DATA TO EXAMINE below:
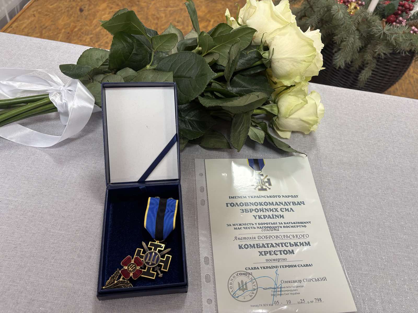 Сім’ї загиблого військовослужбовця Анатолія Добровольського було вручено високу державну нагороду – Комбатанський Хрест, яким іменем Українського народу Головнокомандувач Збройних Сил України посмертно нагородив солдата за мужність, відвагу та самопожертву у боротьбі за свободу і незалежність нашої Держави.
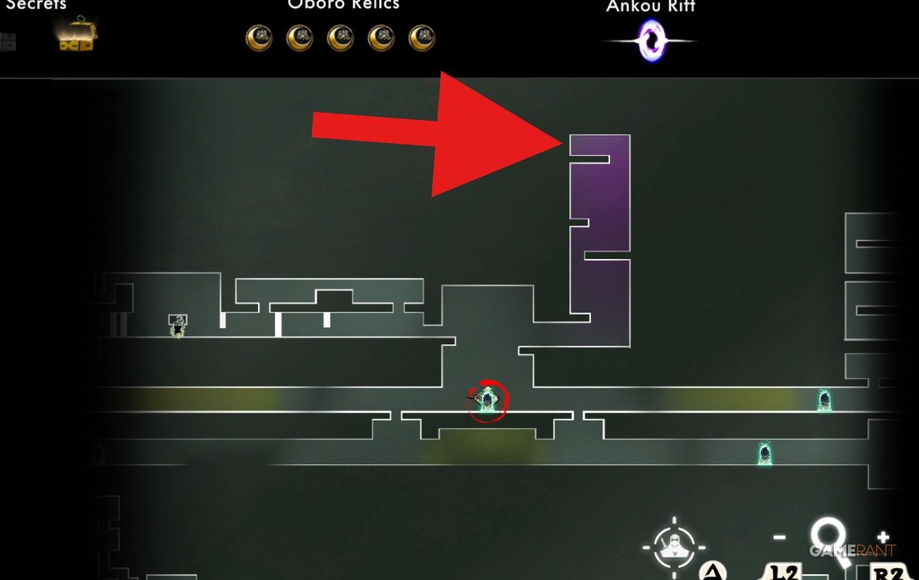 Продвигайтесь вправо, затем вверх, чтобы найти скрытую область. Идите налево, затем вверх и по кругу, сразитесь с несколькими врагами и обнаружите сундук с реликвией Оборо.
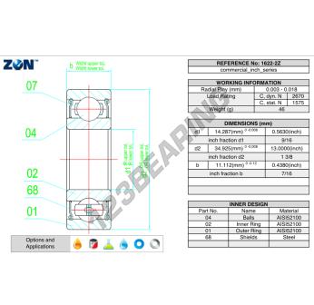 El Rodamiento De Bolas, conocido como 1622-ZZ-ZEN ZEN, tiene un diámetro interior de 14.2 mm, un diámetro exterior de 34.9 mm y un espesor de 11.1 mm.
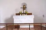 Alterbordet er opført i 1952 i munkesten med kors-relieffer. Alterprydelsen er et sengotisk krucifiks fra 1400-tallet og bærer indskriften: ”I mig skal I have fred”. Alterstagerne er fra 1600-tallet. Kirkens bibel er udgivet af kong Christian VI i 1740. Alterkalken er fra 1878, disken fra 1849 og oblatæsken fra 1965. Over alterbordet er der i korets østvindue indsat en glasmosaikrude fra 1955, udført af kunstneren Harald Borre med motivet ”Krist stod op af døde påskemorgenrøde”.
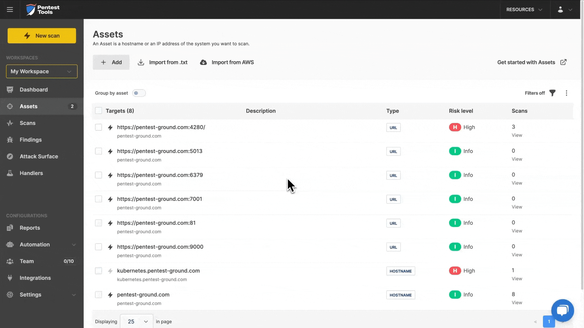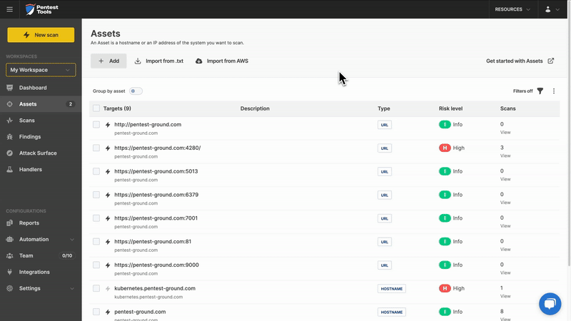 Asset descriptions everywhere – Asset descriptions now show in Scans and Findings (including manual findings) for easier identification.
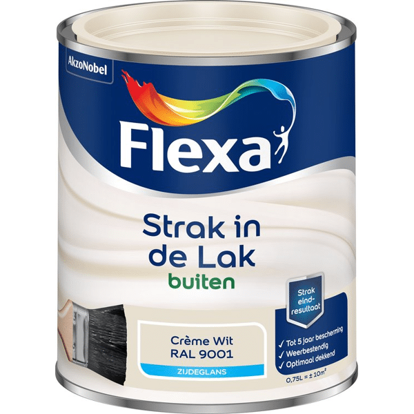 Flexa Strak in de Lak Alkyd Zijdeglans RAL 9001 is een oplosmiddelhoudende zijdeglanslak die zowel binnenshuis als buitenshuis te gebruiken is. De terpentinegedragen zijdeglansverf is extra krasvast, heeft een goede dekking en een uitstekende vloeiing. Deze Flexa lak heeft een buitenduurzaamheid van circa 4 tot 5 jaar bij een voldoende aangebrachte laagdikte. Mede van invloed op de duurzaamheid zijn onder meer de voorbehandeling, de laagdikte en de ligging van het te schilderen object. In donkere ruimtes kan terpentinegedragen verf vergelen. Wij adviseren daarom om binnenshuis watergedragen lakverf te gebruiken. Flexa Strak in de Lak
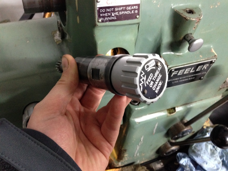 With the gearbox back in place it is time to add the feed/threading selector. On the Feeler the flat is on the left and I put the knob in the thread position. Then align the idler so that it runs on the gear on the spindle.
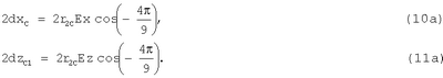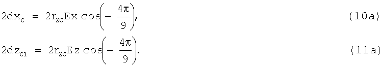 Характеристики расширенных зон обстрела, в том числе их размеры 2 dxC* и 2 dzC*, рассчитывают по формулам (8)-(11a) при заменах Ex на Ex и Ez на Ez .
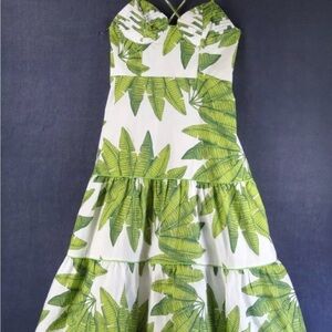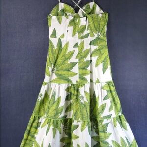 Vibrant green leaf pattern. Spaghetti straps. Elegant maxi length. Perfect for summer.
End of DATA TO EXAMINE.
PROBLEM TO WORK ON: Each entry is to be transcribed verbatim, and any picture in it is to be skipped.

SOLUTION FOR THIS TASK:
 Сім’ї загиблого військовослужбовця Анатолія Добровольського було вручено високу державну нагороду – Комбатанський Хрест, яким іменем Українського народу Головнокомандувач Збройних Сил України посмертно нагородив солдата за мужність, відвагу та самопожертву у боротьбі за свободу і незалежність нашої Держави.
 Продвигайтесь вправо, затем вверх, чтобы найти скрытую область. Идите налево, затем вверх и по кругу, сразитесь с несколькими врагами и обнаружите сундук с реликвией Оборо.
 El Rodamiento De Bolas, conocido como 1622-ZZ-ZEN ZEN, tiene un diámetro interior de 14.2 mm, un diámetro exterior de 34.9 mm y un espesor de 11.1 mm.
 Alterbordet er opført i 1952 i munkesten med kors-relieffer. Alterprydelsen er et sengotisk krucifiks fra 1400-tallet og bærer indskriften: ”I mig skal I have fred”. Alterstagerne er fra 1600-tallet. Kirkens bibel er udgivet af kong Christian VI i 1740. Alterkalken er fra 1878, disken fra 1849 og oblatæsken fra 1965. Over alterbordet er der i korets østvindue indsat en glasmosaikrude fra 1955, udført af kunstneren Harald Borre med motivet ”Krist stod op af døde påskemorgenrøde”.
 Asset descriptions everywhere – Asset descriptions now show in Scans and Findings (including manual findings) for easier identification.
 Flexa Strak in de Lak Alkyd Zijdeglans RAL 9001 is een oplosmiddelhoudende zijdeglanslak die zowel binnenshuis als buitenshuis te gebruiken is. De terpentinegedragen zijdeglansverf is extra krasvast, heeft een goede dekking en een uitstekende vloeiing. Deze Flexa lak heeft een buitenduurzaamheid van circa 4 tot 5 jaar bij een voldoende aangebrachte laagdikte. Mede van invloed op de duurzaamheid zijn onder meer de voorbehandeling, de laagdikte en de ligging van het te schilderen object. In donkere ruimtes kan terpentinegedragen verf vergelen. Wij adviseren daarom om binnenshuis watergedragen lakverf te gebruiken. Flexa Strak in de Lak
 With the gearbox back in place it is time to add the feed/threading selector. On the Feeler the flat is on the left and I put the knob in the thread position. Then align the idler so that it runs on the gear on the spindle.
 Характеристики расширенных зон обстрела, в том числе их размеры 2 dxC* и 2 dzC*, рассчитывают по формулам (8)-(11a) при заменах Ex на Ex и Ez на Ez .
 Vibrant green leaf pattern. Spaghetti straps. Elegant maxi length. Perfect for summer.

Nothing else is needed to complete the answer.